Nas discussões públicas que tratam da expansão do sistema prisional, ao mesmo tempo em que se empenham para desvencilhar o conceito de raça do projeto de encarceramento e genocídio, não consideram as questões de gênero e como estas são peças fundamentais para estruturar este mesmo sistema. Ainda que as prisões sejam lidas socialmente enquanto espaço de despejo de indivíduos que não obtém condições morais adequadas para o convívio público, é dentro delas que se estendem e consolidam as estruturas sociais e todas as suas problemáticas, incluindo as opressões e punições de gênero, raça e classe.
Muito disso se dá por conta da subjetividade criminológica construída no Brasil, que moldou e molda ideologias que compactuam com o auxílio e manutenção do punitivismo, tornando as cadeias e penitenciárias inquestionáveis e indispensáveis para a composição das paisagens que nos cercam, ou seja, não se pergunta o porquê e nem como funcionam estas instituições totalmente colonizadas e subnotificadas, o que diminui nosso conhecimento sobre o que acontece dentro destes espaços receptores de “criminosos”. Esta subnotificação não é questionada por grande parte dos cidadãos devido a esse projeto de subjetividade que recebe respaldo do Estado, para que não se rompa a ponto de nos interessarmos e nos preocuparmos com as condições em que vivem, em específico, as mulheres negras privadas de liberdade.
Se somos hoje o terceiro país que mais encarcera no mundo, tendo a posição de quarto lugar no ranking de maior população carcerária feminina, com 37.828 mulheres, sendo 63,55% destas, mulheres negras (Infopen Mulheres, junho de 2017), vale pensar na atuação do Estado para com a existência destas mulheres durante a pandemia da Covid-19, período em que a única política de prevenção de contaminação em massa dos presídios brasileiros, proposta pelo Departamento Penitenciário Nacional (DEPEN), foi a utilização de containers como moradias temporárias para isolar os detentos e detentas de grupos de risco.
As desigualdades pré-existentes se aprofundaram com a chegada do novo coronavírus, fora das prisões e indiscutivelmente dentro delas, sem atenção pública necessária, uma vez que trata-se de um ambiente potencialmente endêmico por sua insalubridade, superlotação, racionamento de bens de higiene pessoal, água, etc., sendo as mulheres que vivem dentro dos muros do cárcere nestas condições, em sua grande maioria jovens cisgênero, negras, periféricas, com baixa escolaridade e mães solos. Não houve implementação de política pública capaz de evitar a contaminação no sistema prisional feminino e nenhuma estratégia essencialmente eficaz que diminuísse as possibilidades de uma vulnerabilidade ainda mais violenta.
O Conselho Nacional de Justiça (CNJ) publicou recomendação que apontava a necessidade de se diminuir a população prisional (Recomendação CNJ n. 62/2020) e enviou ofício aos Tribunais de Justiça e Tribunais Regionais Federais para que notificassem as medidas de prevenção e de infecção por coronavírus de mulheres gestantes, lactantes, mães de crianças de até 12 anos, idosas, ou que possuem doenças crônicas e respiratórias.
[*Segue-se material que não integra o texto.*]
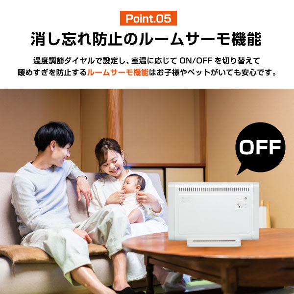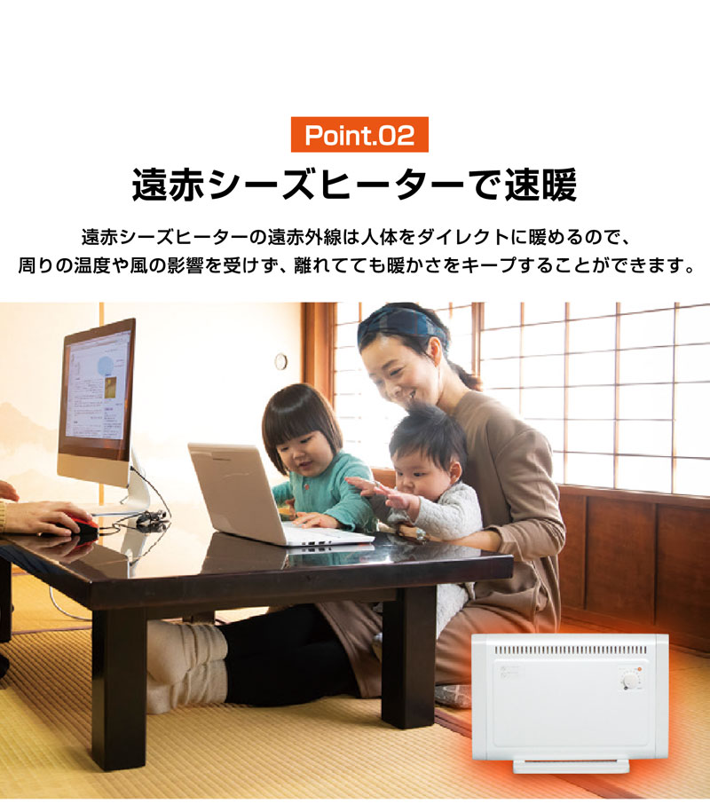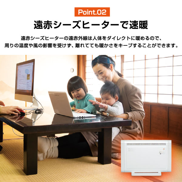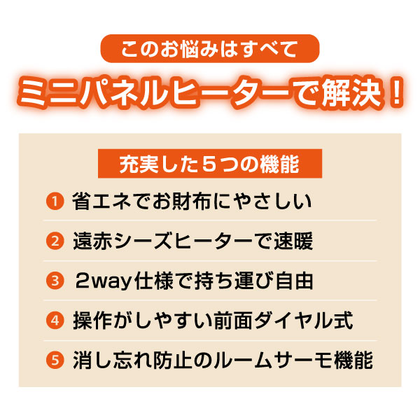 | 特徴 | ・省エネでお財布にやさしい ・遠赤シーズヒーターで速暖 ・2way仕様で持ち運び自由 ・操作がしやすいダイヤル式 ・消し忘れ防止のルームサーモ機能 |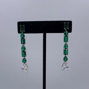 New, no tags. Evening bag, hard shell clutch, purse with detachable shoulder and handbag length chains included. Shimmering deep emerald green fabric with spectacular gold tone metal frame set with sparkling clear crystals on one side and gem set clasp. Big enough to hold iphone. Brought in specifically to wear with any of the emerald jewels available in Our Closet (some suggestions shown all listed and priced separately). Luxe look for little loot. Perfect for any special event or date. Let your inner diva out with an emerald collection from Lemon Squeezy Shop🍋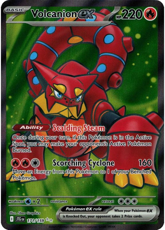Volcanion ex er et Ultra Rare | Secret Rare ex (SV) pokemon kort fra SV09 Journey Together serien og har nummer 171/159.

A recomendação era que, para além de outros termos, houvesse uma reavaliação das prisões, medidas de soltura e a possibilidade de prisão domiciliar e pedido de habeas corpus. De acordo com dados levantados e disponibilizados pelo DEPEN, até o dia 29 de abril de 2020, das mulheres hoje privadas de liberdade, 208 estão grávidas, 44 são lactantes, 12.821 são mães de crianças de até 12 anos, 434 são idosas e 4.052 possuem doenças respiratórias ou crônicas. Destas, em prisão provisória estão 77 grávidas, 20 lactantes e 3.136 mães de crianças de até 12 anos, e em prisão provisória elas permanecem, por negação do Supremo Tribunal Federal ao habeas corpus deste grupo de risco.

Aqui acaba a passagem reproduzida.